The B&W is nice but the colour reminds me of one of those old paintings that would be up in a dining room or den.
So I also vote colour.


----------



## BrentC (Jan 3, 2018)

Colour for me as well.


----------



## Dean_Gretsch (Jan 3, 2018)

zombiesniper said:


> The B&W is nice but the colour reminds me of one of those old paintings that would be up in a dining room or den.
> So I also vote colour.


I am actually kicking around the idea of having this one printed with barn wood framing.


----------



## Braineack (Jan 3, 2018)

COLOR


----------



## zombiesniper (Jan 3, 2018)

Dean_Gretsch said:


> I am actually kicking around the idea of having this one printed with barn wood framing.


That would look awesome.


----------



## zulu42 (Jan 3, 2018)

I vote color.

On my work desktop, I was wishing for a teensy bit more out of the shadows, and nearly posted that comment. Then I looked at the image on my tablet, and it looked perfect to me.

Really cool shot!


----------



## Dean_Gretsch (Jan 3, 2018)

Thanks all for your input.



zulu42 said:


> I vote color.
> 
> On my work desktop, I was wishing for a teensy bit more out of the shadows, and nearly posted that comment. Then I looked at the image on my tablet, and it looked perfect to me.
> 
> Really cool shot!



I know what you mean. I edited this on my laptop, but when I looked at it on my phone, it appeared much darker.


----------



## Destin (Jan 3, 2018)

Color 100%. The warm tones contrasting against the snow are too good to get rid of.  
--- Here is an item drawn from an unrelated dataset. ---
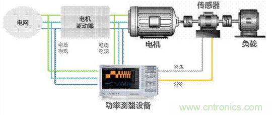 因yin此ci,為wei了le保bao證zheng電dian機ji的de效xiao率lv和he電dian機ji驅qu動dong器qi效xiao率lv測ce試shi的de準zhun確que性xing,必bi須xu保bao證zheng兩liang者zhe是shi在zai同tong一yi個ge負fu載zai下xia時shi對dui效xiao率lv進jin行xing測ce量liang的de,也ye就jiu是shi說shuo,要yao保bao證zheng在zai同tong一yi個ge時shi間jian點dian下xia進jin行xing采cai集ji。這zhe裏li一yi般ban會hui用yong到dao多duo通tong道dao的de功gong率lv分fen析xi儀yi進jin行xing測ce量liang,如ru下xia圖tu,就jiu是shi一yi種zhong非fei常chang常chang用yong的de對dui變bian頻pin電dian機ji及ji變bian頻pin器qi進jin行xing同tong步bu測ce試shi的de方fang法fa。

I’d love to see a little more exposure in the woods but it’s also very mysterious as it is and I like it that way as well.


----------



## smoke665 (Jan 3, 2018)

Hands down COLOR!!!!!!!!!!


----------



## Rick50 (Jan 3, 2018)

Yes, Color!


----------



## AlanKlein (Jan 3, 2018)

Both have their appeal.  Is it just me but the picture seem tilted to the right.


----------



## Dean_Gretsch (Jan 3, 2018)

AlanKlein said:


> Both have their appeal.  Is it just me but the picture seem tilted to the right.



I do believe you are right. Thanks. I hadn't even noticed


----------



## fishing4sanity (Jan 3, 2018)

Color


----------



## DriedStrawbery (Jan 3, 2018)

I prefer B&W. Taking off color seems to bring out a story/theme. If its color, it takes all the attention.


----------



## Dean_Gretsch (Jan 3, 2018)

Edited with a 3 degree rotation to straighten!


----------



## slat (Jan 3, 2018)

I like the color shot. It seems to have more depth.


----------



## jhood88 (Jan 3, 2018)

slat said:


> I like the color shot. It seems to have more depth.


I completely agree. 

Sent from my BLN-L24 using Tapatalk


----------



## birdbonkers84 (Jan 4, 2018)

Colour for me.


----------



## primobellator (Jan 4, 2018)

Honestly both. Is it for a certain project or anything? Or just in general?

Sent from my SM-G955U using Tapatalk


----------



## Dean_Gretsch (Jan 4, 2018)

Just in general. Thanks!


----------